• _WHAT IS BEING ASKED_: Print all the data that follows exactly, images excluded.

• _INFORMATION SHOWN_:
:::
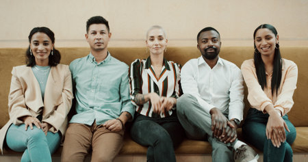Meet the best team in the business. Portrait of a group of young creatives sitting together on a couch in an office.
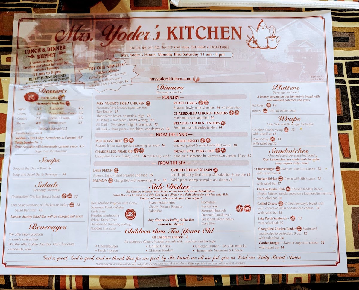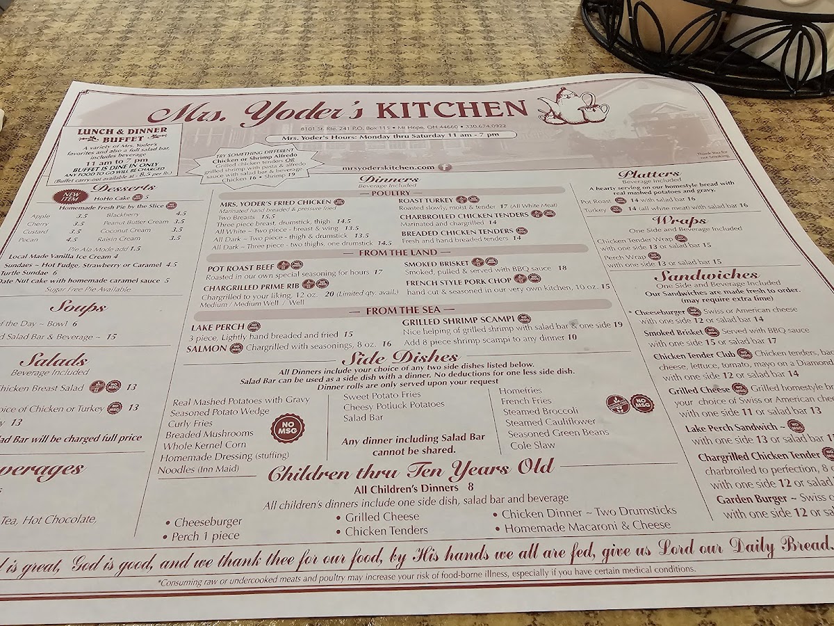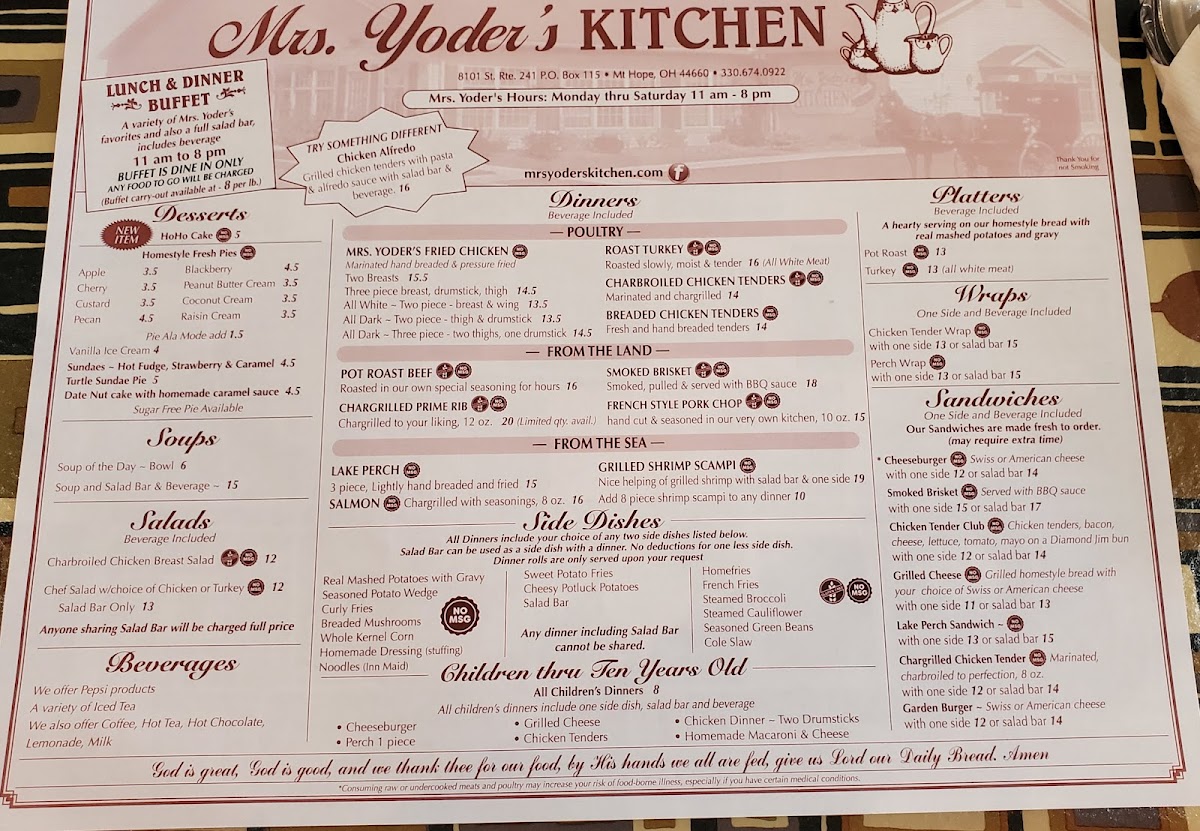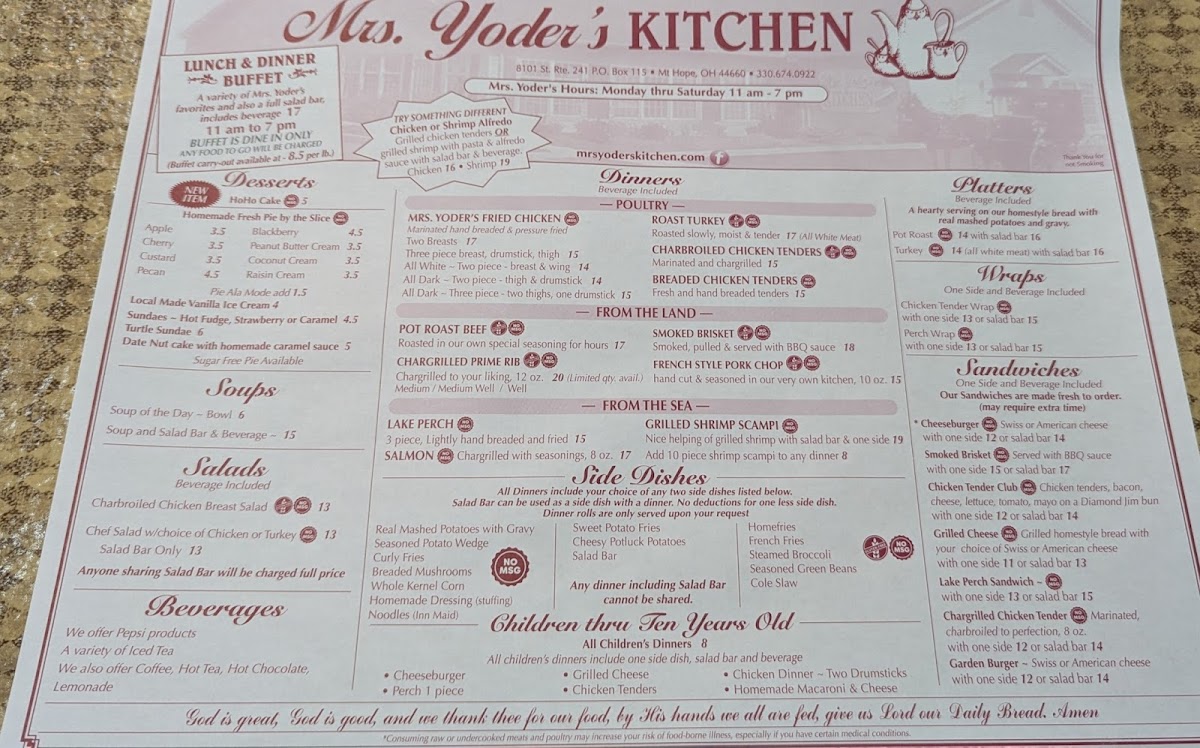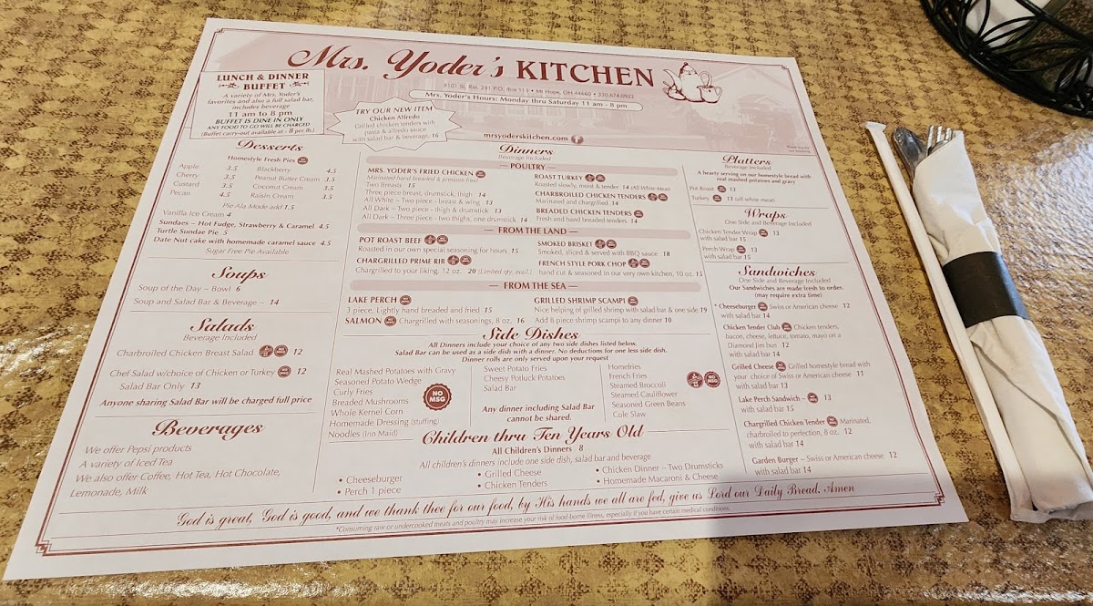 Mrs. Yoder's may not be the biggest buffet in the area, but I can say everything on the buffet is good. There is not one item that we tried and did not like. It is by no means a fancy place it looks like your grandma's house. But in the amish country that's kind of what you want. It's simple home cooking at its best. I will say the fried chicken here is leaps and bounds better than other buffets in the area. The place is small and fills up fast, so do not be surprised if there is a wait for a table. It also has a small parking lot out front. This restaurant is by no means meant to attract tourists but more should probably visit it. It is worth trying while in the area. The buffet here is also cheaper than the other buffets nearby.
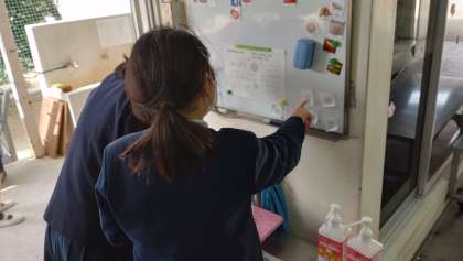 ※写真は、明日の献立を記入したり、掲示を張り替えたりしている給食委員会の子どもたちです。毎日、頑張っています。
:::
• _OUTPUT BELOW_:
Meet the best team in the business. Portrait of a group of young creatives sitting together on a couch in an office.
 Mrs. Yoder's may not be the biggest buffet in the area, but I can say everything on the buffet is good. There is not one item that we tried and did not like. It is by no means a fancy place it looks like your grandma's house. But in the amish country that's kind of what you want. It's simple home cooking at its best. I will say the fried chicken here is leaps and bounds better than other buffets in the area. The place is small and fills up fast, so do not be surprised if there is a wait for a table. It also has a small parking lot out front. This restaurant is by no means meant to attract tourists but more should probably visit it. It is worth trying while in the area. The buffet here is also cheaper than the other buffets nearby.
 ※写真は、明日の献立を記入したり、掲示を張り替えたりしている給食委員会の子どもたちです。毎日、頑張っています。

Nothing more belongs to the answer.